|Nutrition Facts (per serving)|
|Amount per serving|
|% Daily Value*|
|Total Fat 1g||1%|
|Saturated Fat 0g||1%|
|Total Carbohydrate 6g||2%|
|Dietary Fiber 2g||7%|
|Total Sugars 3g|
|Vitamin C 2mg||10%|
|*The % Daily Value (DV) tells you how much a nutrient in a food serving contributes to a daily diet. 2,000 calories a day is used for general nutrition advice.|
This pickled and fermented Napa cabbage is the most popular and recognizable form of kimchi. Baechu kimchi is not only good as a side dish to almost every Korean meal, but it is also the foundation for many soups, stews, stir-fries, and rice dishes.
10 cups water
2 Napa cabbages, washed and cut into 2-inch squares
1 cup coarse salt, or kosher or sea salt
1 tablespoon finely chopped garlic
1 tablespoon chopped ginger
1/2 cup kochukaru, Korean red pepper powder
2 tablespoons sugar
5 scallions, cut into 1/2-inch pieces
Fish sauce, to taste, optional
Gather the ingredients.
In a large nonreactive bowl or pot, mix salt into the water.
Add cabbage to salt water and, if necessary, weigh down with a large plate so leaves are all submerged. Soak cabbage for 5 to 6 hours.
Remove cabbage and rinse in cold water, squeezing out excess liquid.
In a large bowl, mix garlic, ginger, red pepper flakes, sugar, and scallions.
Add cabbage and coat with seasoning mixture.
Pack the seasoned cabbage into a large airtight jar with a lid. Let kimchi ferment in a cool place for 2 to 3 days before serving or putting in the refrigerator.

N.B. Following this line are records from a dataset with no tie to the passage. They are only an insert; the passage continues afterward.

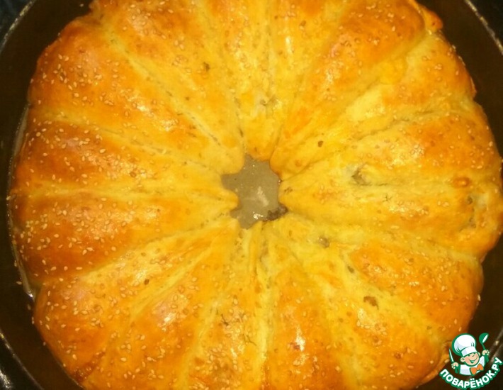 - Смазываем яйцом, посыпаем кунжутом и ставим в разогретую до 180 градусов духовку на 30 минут до зарумянивания пирога.
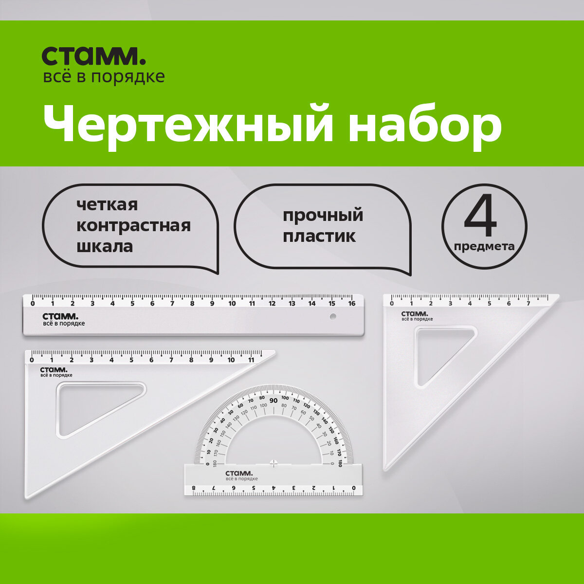 Отзывы на Набор чертежный СТАММ, размер S (линейка 16см, 2 треугольника, транспортир), прозрачный, бесцветный, европодвес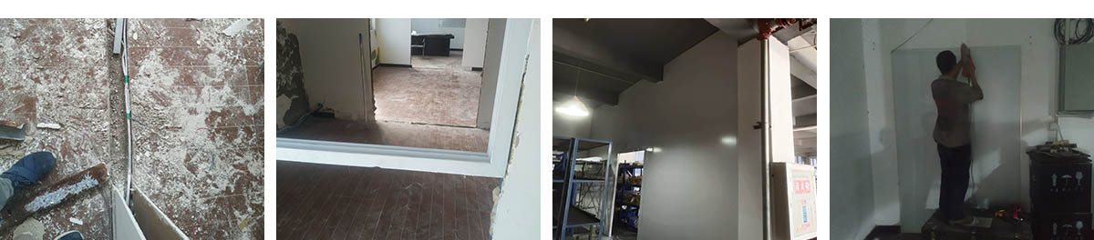 2020-7-05成都波辐科技有限公司厂房施工现场,1.门安装完成,挡鼠板安装完成,彩钢收尾结束。2.照明灯换气扇安装完成95%,紫外线灯安装完成,插座安装完成。2020-6-30成都波辐科技有限公司厂房施工现场,1.增项墙体拆除完成,窗帘盒安装完成。2.彩钢立板安装,门框料预制完成,门框安装完成50%,撕膜完成,打胶完成25%,塑料底座安装完成40%,圆弧安装完成20%。2020-6-27成都波辐科技有限公司厂房施工现场,1.彩钢材料到场卸货搬运至车间内部。2.放线完成30%,地槽安装完成30%,墙板安装完成15%。3.插座移位置改线完成。4.墙面抗裂砂浆修补完成。2020-6-26成都波辐科技有限公司厂房施工现场,暗埋排水管和给水管地面恢复完成;门洞开洞完成;靠外墙内侧墙面铲除完成,刷界面剂完成。2020-6-25成都波辐科技有限公司厂房施工现场,排水管开槽完成,给水管和排水暗埋部分管敷设完成。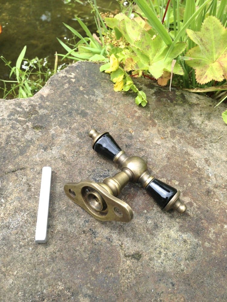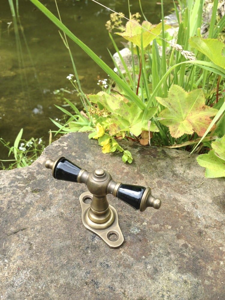 Antikas - Fensterolive Messing, antike Fensterbeschläge, nachgefertigt Porzellan schwarz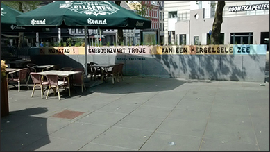 De regel, vermeld op de muur, is afkomstig uit het gedicht 'Helena van Heerlen' en is te vinden in het boek 'Een lange neus, gedichten / beelden', verschenen bij Azul Press.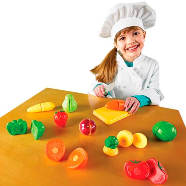 Build fine motor skills by using both hands to hold the fruit steady and use the pretend knife to slice the fruits and veggies.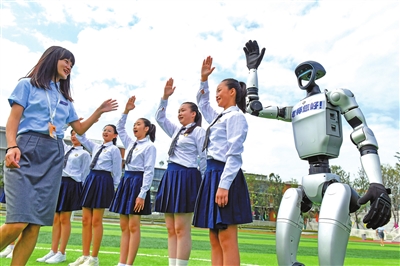 在四川师范大学附属生物城学校操场,一台人形机器人和学生一起向老师问好,祝老师教师节快乐。资料图片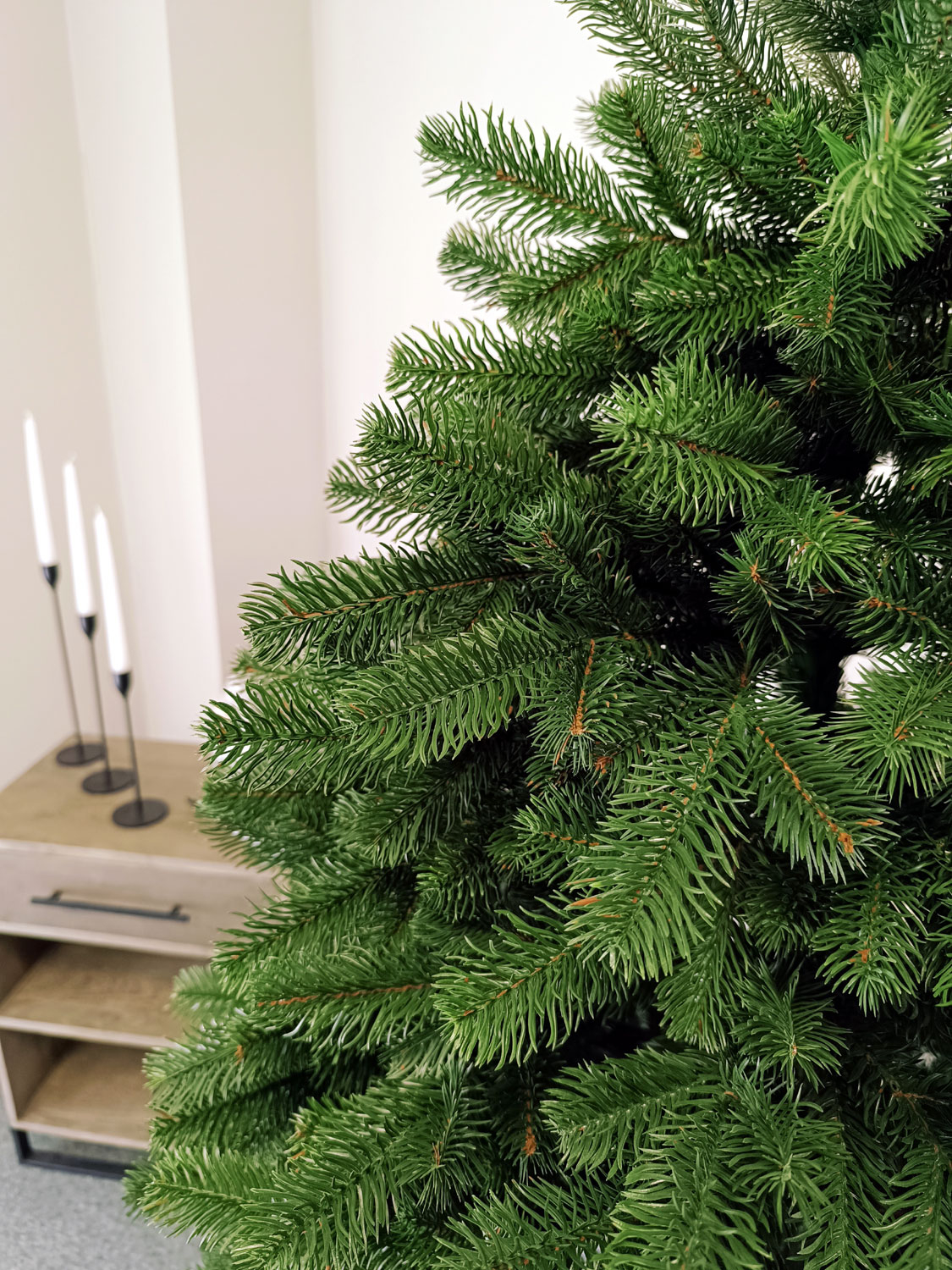 Imagine reala de prezentare pentru modelul Kovalivska verde, varianta 180cm Acesti brazi au un aspect ultra-realist si sunt greu de distins in comparatie cu cei...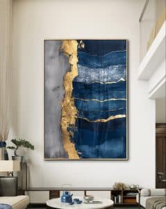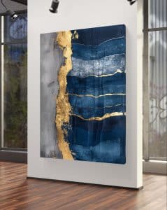 תמונת קנבס לסלון "מופשטת בגווני כחול וזהב"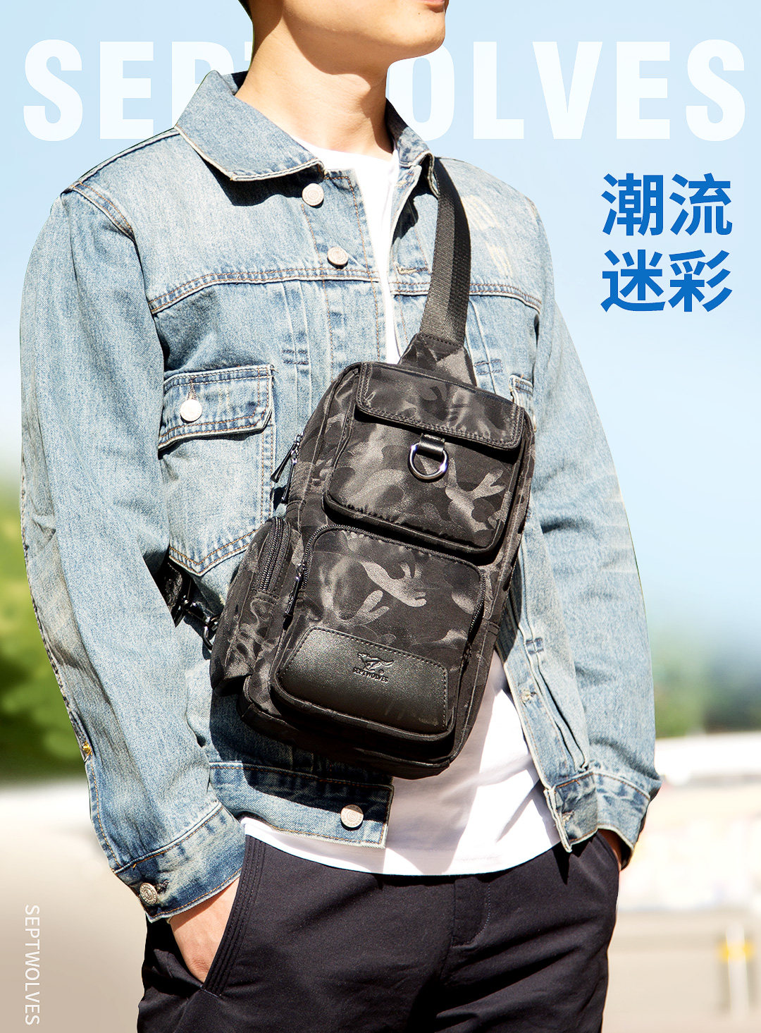 Septwolves, нагрудная сумка, сумка на одно плечо, шоппер для отдыха, рюкзак, ткань оксфорд, в корейском стиле

- There are countless ways to make kimchi, but traditional recipes usually include fish sauce, brined tiny shrimp, or fresh oysters. Try 2 to 3 tablespoons of fish sauce or 2 tablespoons of chopped brined shrimp if you'd like to experiment. I am always nervous about people over-salting their kimchi. Because every fish sauce and brined shrimp has a different amount of salt, use them sparingly if you've never made kimchi before.